Of That Other Country We Now Speak and Other Stories
A troubled father seeks to heal his daughter by confronting private and ancestral ghosts; a former priest regains his vocation by rescuing a woman from a sex cult; an unrequited lover uses a dog as his murder weapon; a corrupt banker seeks redemption among the prayerful inside a booze bar as the “end of the world” approaches—the denizens of Charlson Ong’s latest collection of short fiction inhabit a world fraying at the seams, morally adrift. Wounded and compromised they nonetheless struggle mightily against the “dying of the light.”
Written over the last two decades, these stories are thematically and stylistically diverse ranging from the exuberant title story to the “minimalist” “The Vet.” Here we find the gritty realism of crime fiction as well as the enchantment of myth. Here is fiction sensual and sophisticated, rich and robust. Here is fiction worthy of its calling.

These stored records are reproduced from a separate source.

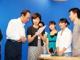 敬一丹饒有興致地觀摩了正在進(jìn)行實(shí)訓(xùn)活動(dòng)的新聞學(xué)專業(yè)學(xué)生的播音主持訓(xùn)練,并現(xiàn)場進(jìn)行了指導(dǎo)。在場的教育與傳媒學(xué)院學(xué)生就新聞工作者的職責(zé)、傳媒產(chǎn)業(yè)的發(fā)展前景、新聞學(xué)專業(yè)學(xué)生應(yīng)如何鍛煉和提高自己等問題與敬一丹進(jìn)行了廣泛的交流,許多學(xué)生請(qǐng)敬老師簽名并合影留念,現(xiàn)場氣氛熱烈、活躍。李虹院長代表全院師生,向她贈(zèng)送了學(xué)生自己制作的敬一丹節(jié)目專輯和學(xué)生社會(huì)實(shí)踐活動(dòng)視頻集錦。敬一丹對(duì)我校的學(xué)生實(shí)踐活動(dòng)和實(shí)驗(yàn)室建設(shè)給予了較高評(píng)價(jià),并欣然題寫了“祝福未來的同行”贈(zèng)送給教育與傳媒學(xué)院的全體師生。
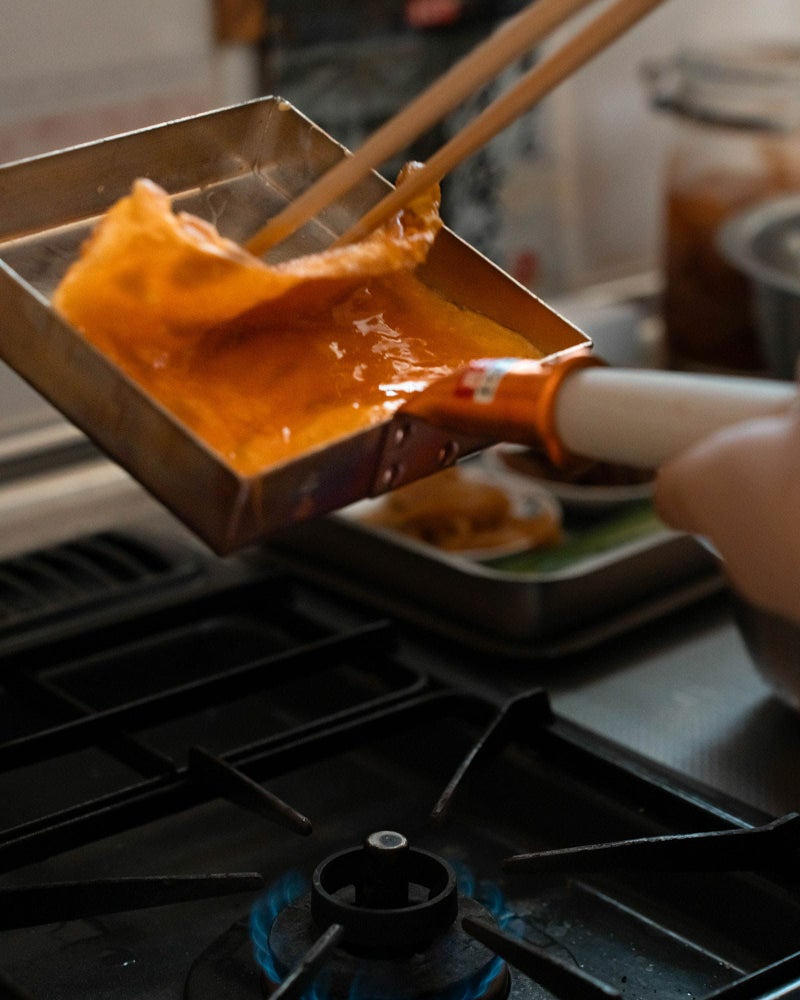 この錫の層が、銅の熱をほんの少し和らげてくれるおかげで、鍋全体がじんわりとあたたまり、玉子にもふっくらと均一に火が入ります。
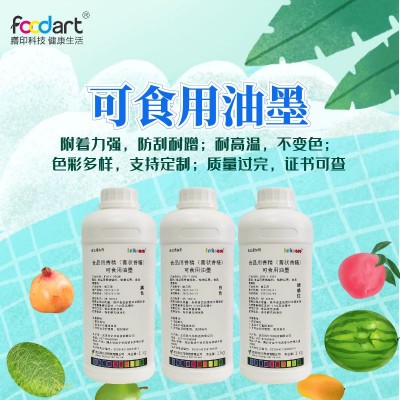 我们可食用油墨,所有成分均可食用,是一种可以吃的油墨,我们可食用油墨主要搭配各类印字机,比如苹果印字机、M豆糖果印字机以及各类柔版印刷机,我们可食用油墨在苹果表面印字,M豆表面印字以及在可食性的蛋白肠衣、阿胶上印字等,可以和食品一起吃下去,安全健康。
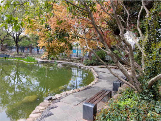 池中魚兒和水面倒影形成一幅絕美的畫卷
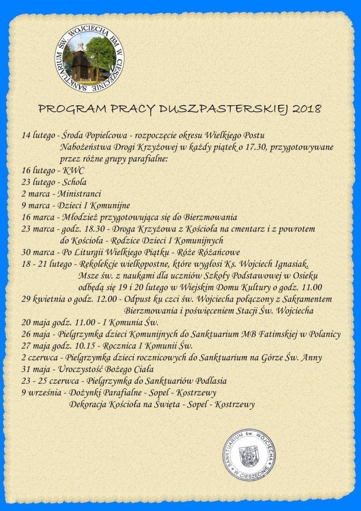 Program pracy duszpasterskiej na 2018 r.
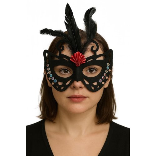 Siyah Renk Siyah Süet Kaplama Tüylü Kelebek Figür Parti Maskesi 24x18 cm
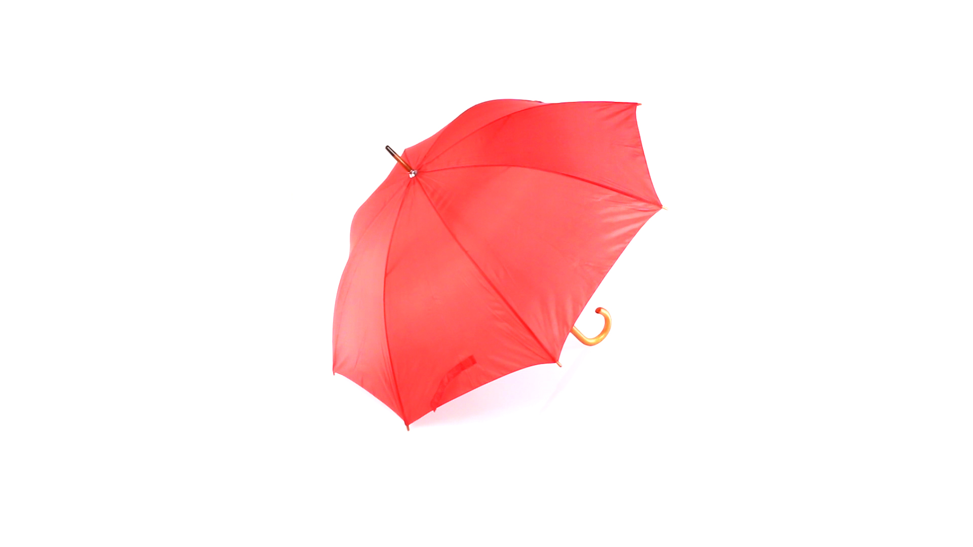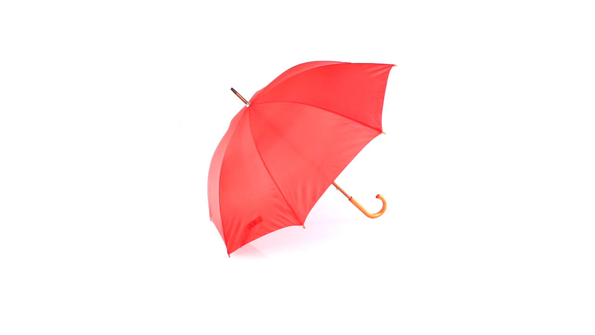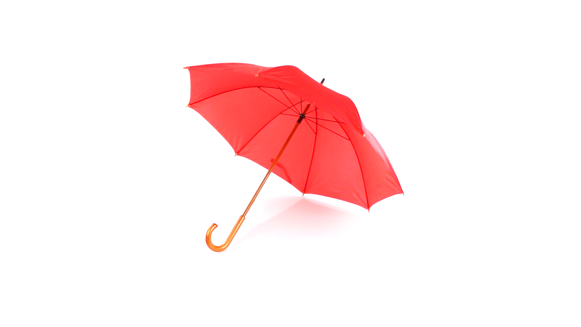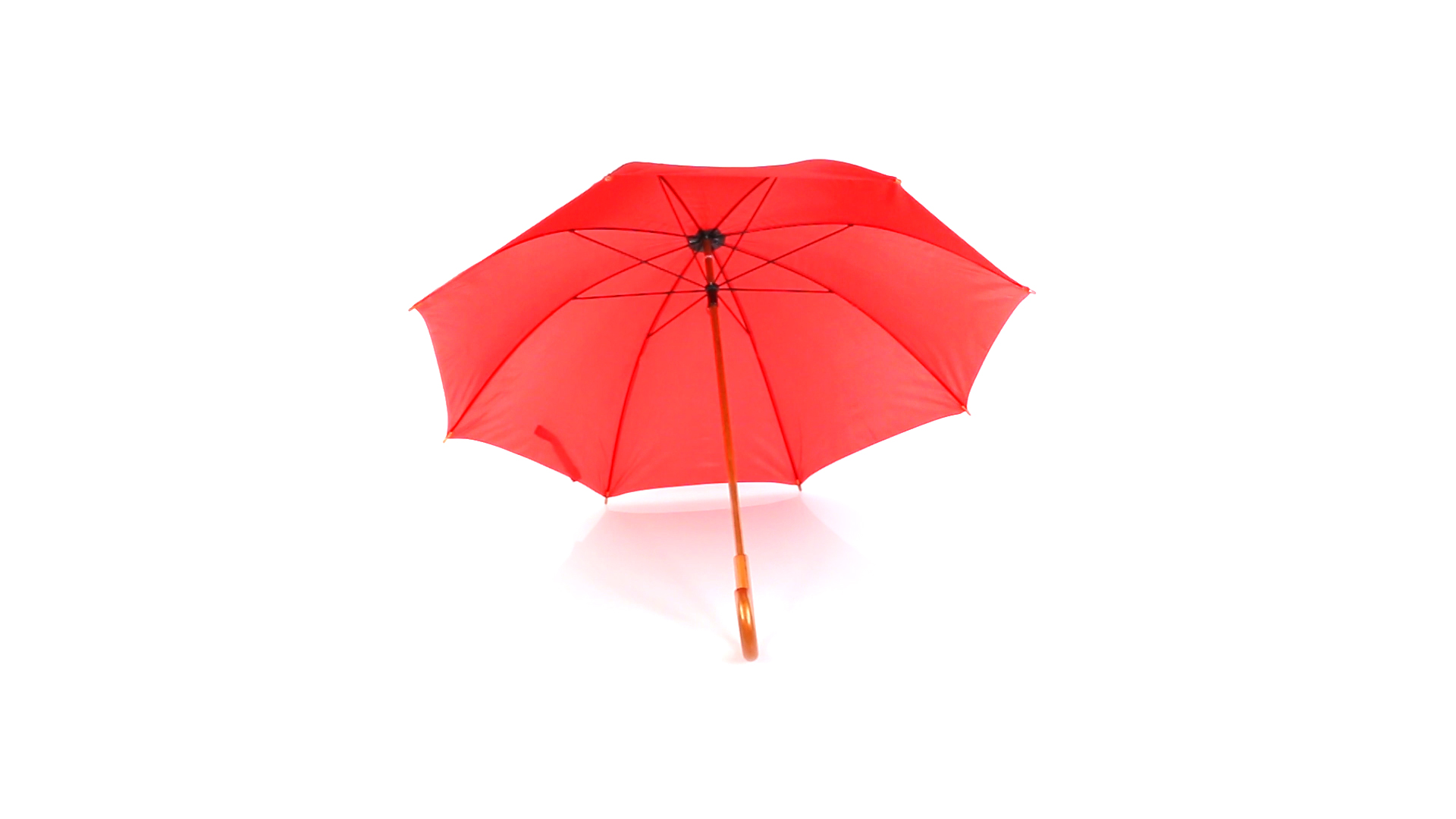 Regenschirm mit 8 Panelen aus Polyester. 105 cm Durchmesser, mit manueller Öffnung und schwarzen Metallstäben, Klettverschluss und geschmeidigem Holzgriff in Naturfarbe, in einer breiten Palette von leuchtenden Farben erhältlich.
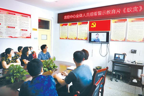 山西省河津市农村经济事务中心全体人员观看许世平严重违纪违法案例警示教育片《蚁贪》,开展警示教育活动。
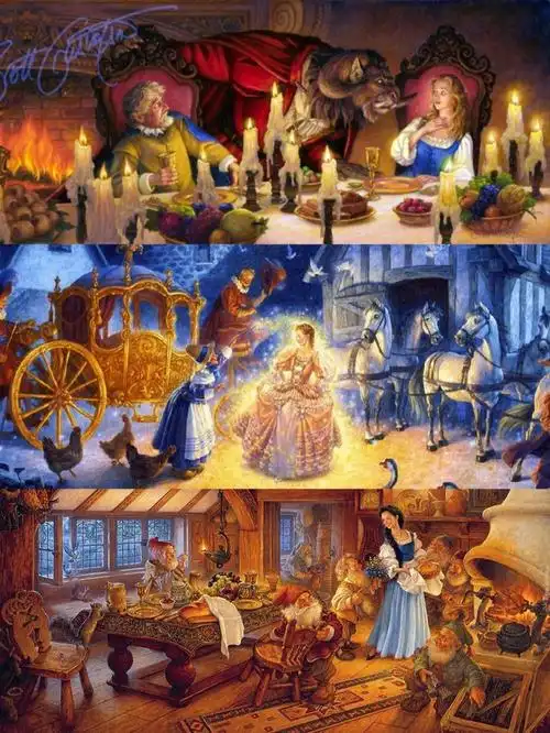 迪士尼壁纸|手绘插画ins 王子与公主的童话爱情 cr:@ -阿莘
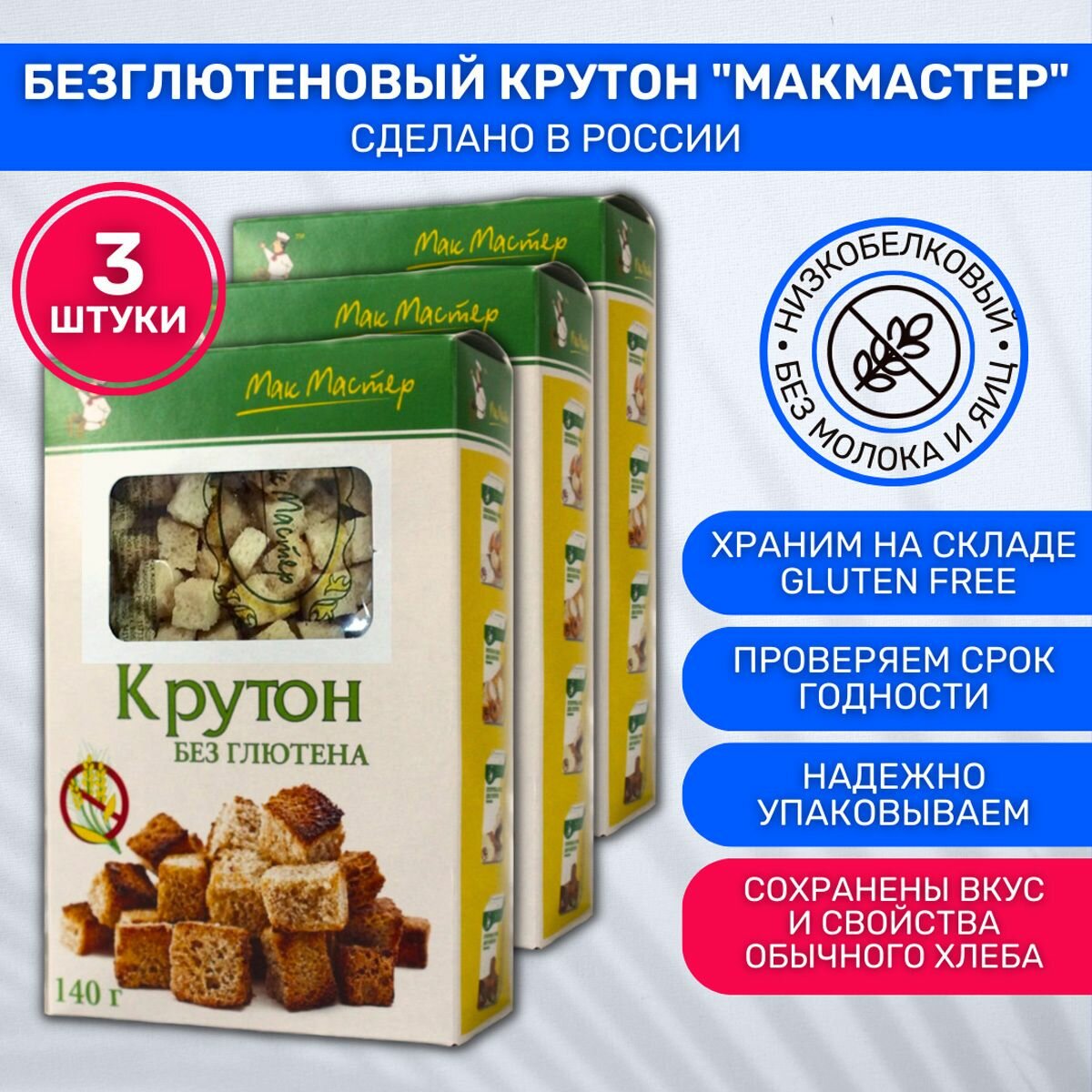Крутон без глютена МакМастер низкобелковый 3 шт по 140г информация:

Charlson Ong has published three collections of short fiction as well as three novels. He has won the National Book Award for both his short fiction and his novels.
About the Author
Charlson Ong has published three collections of short fiction: Men of the East and Other Stories, Woman of Amkaw and Other Stories, and Conversion and Other Fictions as well as three novels: An Embarrassment of Riches (which won the Philippine Centennial Literary Prize), Banyaga, A Song of War (which won the 2006 National Book Award), and Blue Angel, White Shadow (which won the 2011 National Book Award). He teaches Creative Writing at the Department of English and Comparative Literature, College of Arts and Letters, UP Diliman.